Paul Ashton Delprat (born 1942) is an Australian artist and teacher. As of 2025 he is the principal of the Julian Ashton Art School in Sydney, New South Wales. His work is represented in state, municipal, and university galleries as well as numerous private collections. He is the self-proclaimed "prince" of his "Principality of Wy" in Mosman, Sydney.

==Early life and education==
Paul Ashton Delprat was born in Sydney, Australia, in 1942. He is the grandson of Julian Howard Ashton (known as Howard), great-grandson of Julian Ashton and on one side and of Guillaume Daniel Delprat on the other.

Delprat attended Sydney Grammar School.

He first painted with his grandfather, Howard Ashton, and later with Henry C. Gibbons and his uncle J. Richard Ashton at the Julian Ashton Art School, where he gained a diploma.
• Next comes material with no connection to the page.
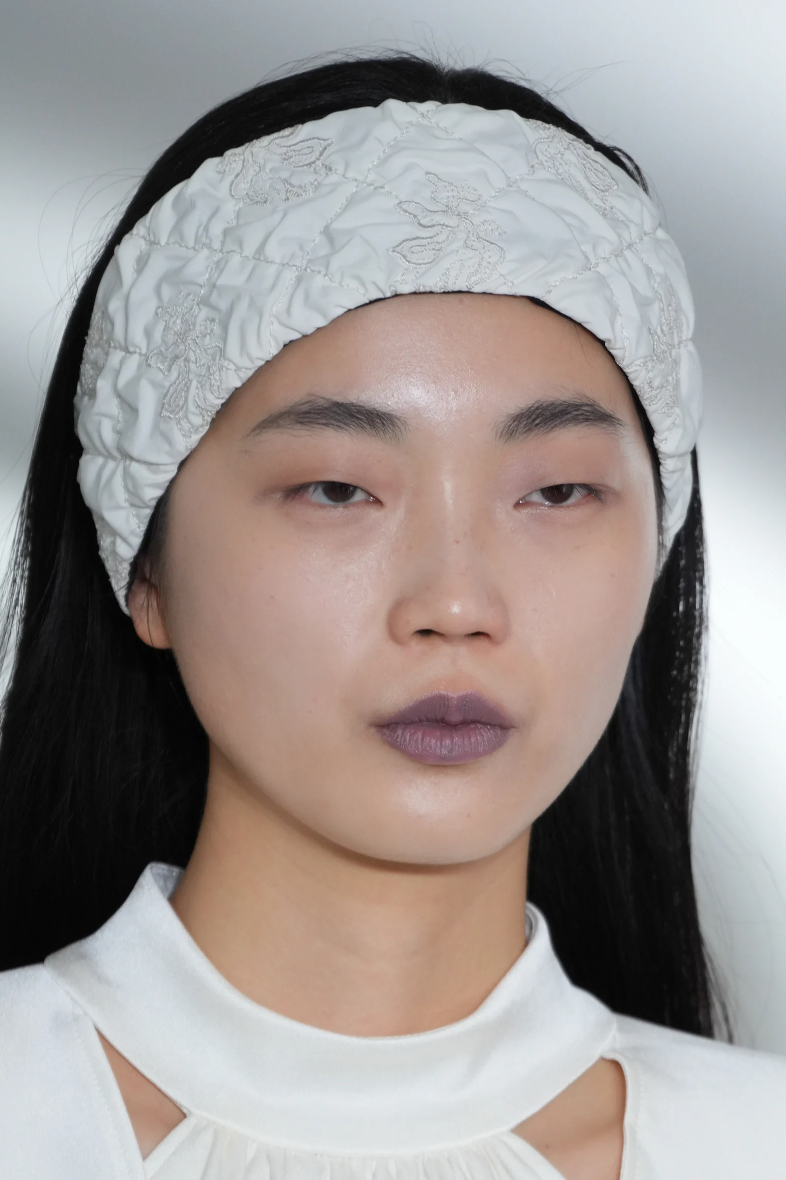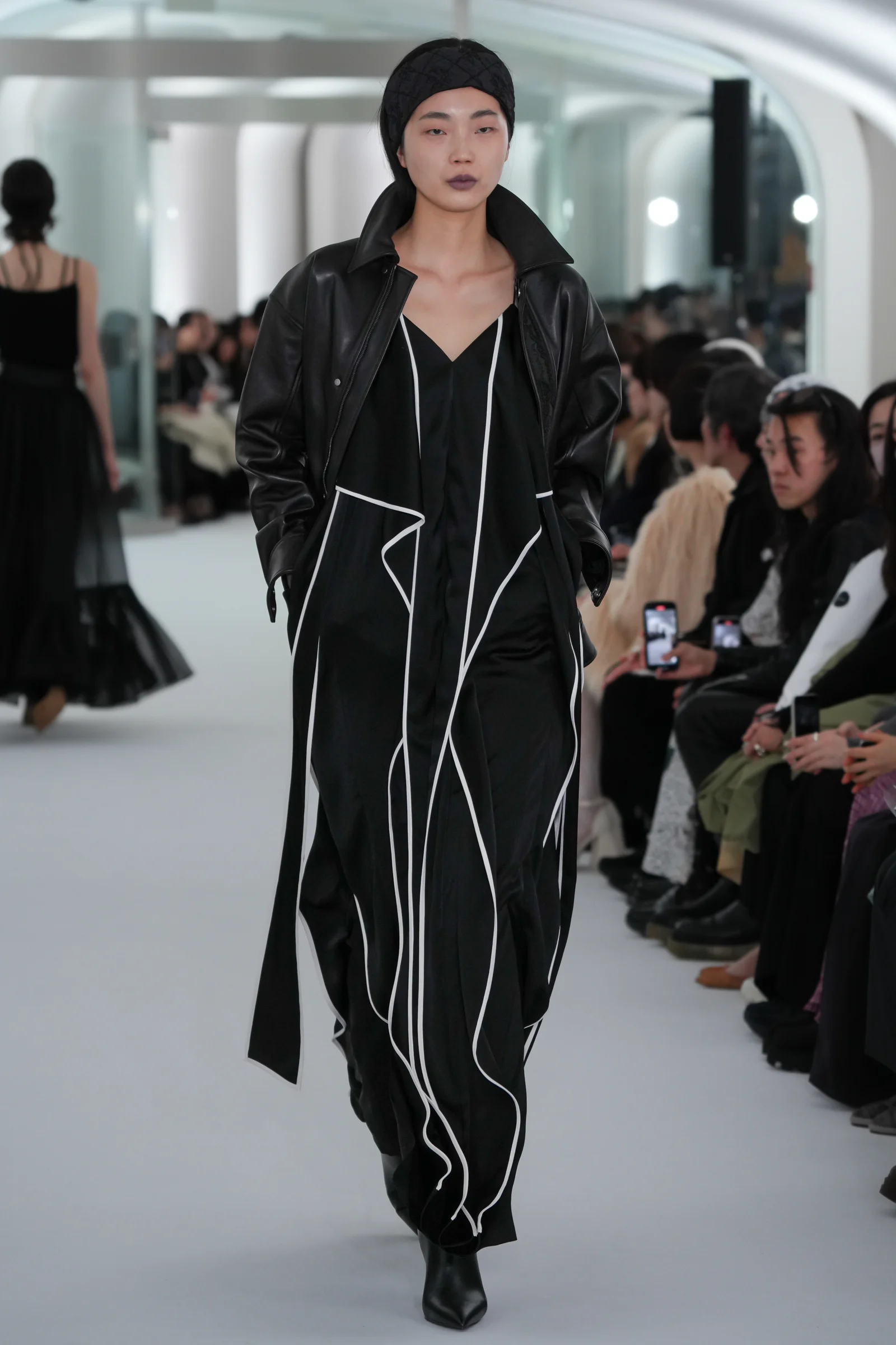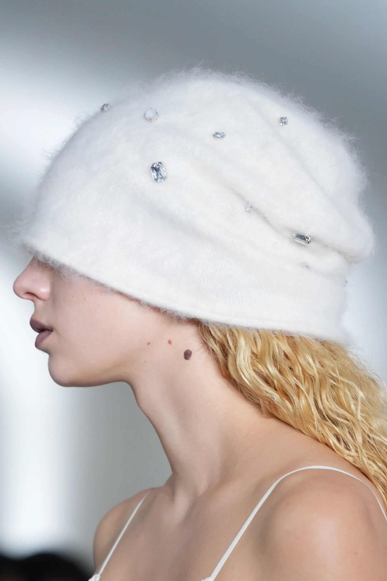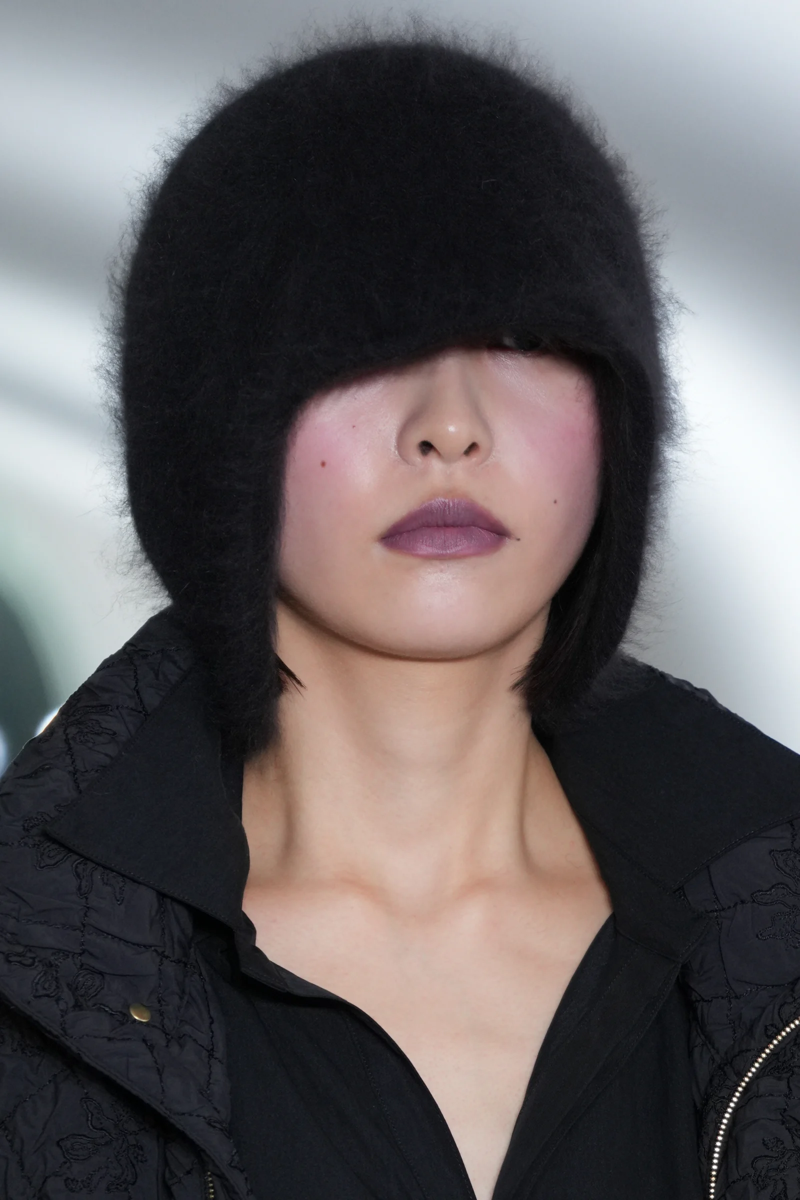 ヘッドピースとして「ラメゾンドリリス(La Maison de Lyllis)」とコラボレーションしたニット帽を発表。アンゴラ生地のニットキャップは、包みこまれるような柔らかさを触り心地、軽さ、毛の立ち方に落とし込んだという。鮮やかなブルーのドレスやキルティングのダウンとともに、ブラック、ホワイト、グレーのヘッドピースがアクセントとして登場した。
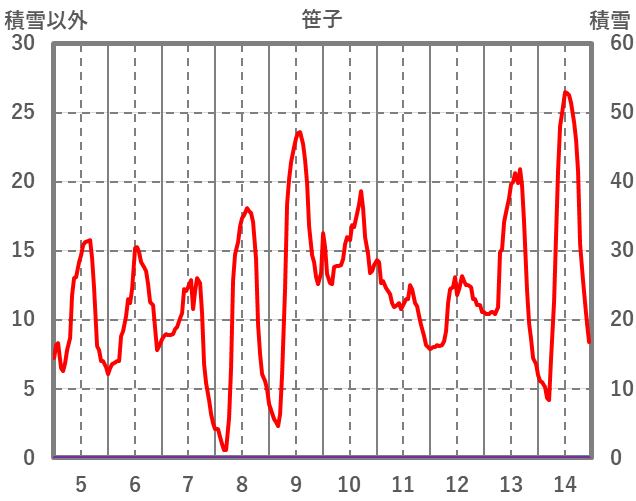 | 日 | 時 | 気温 | 降水 | 風向/風速 | 日照 | 積雪 | 降雪 |

He also did some study in galleries in London and Paris.

==Career==
In the mid-1960s Delprat taught art at the Australian International Independent School in Sydney.

In 1967 he was appointed senior art master at Newington College and in 1970 he performed in the cast of the school's production of The Tempest. Produced by an English master, Max Iffland, it was staged in the style of the rock musical Hair, with original music composed by students John Taberner and Crispin Dye.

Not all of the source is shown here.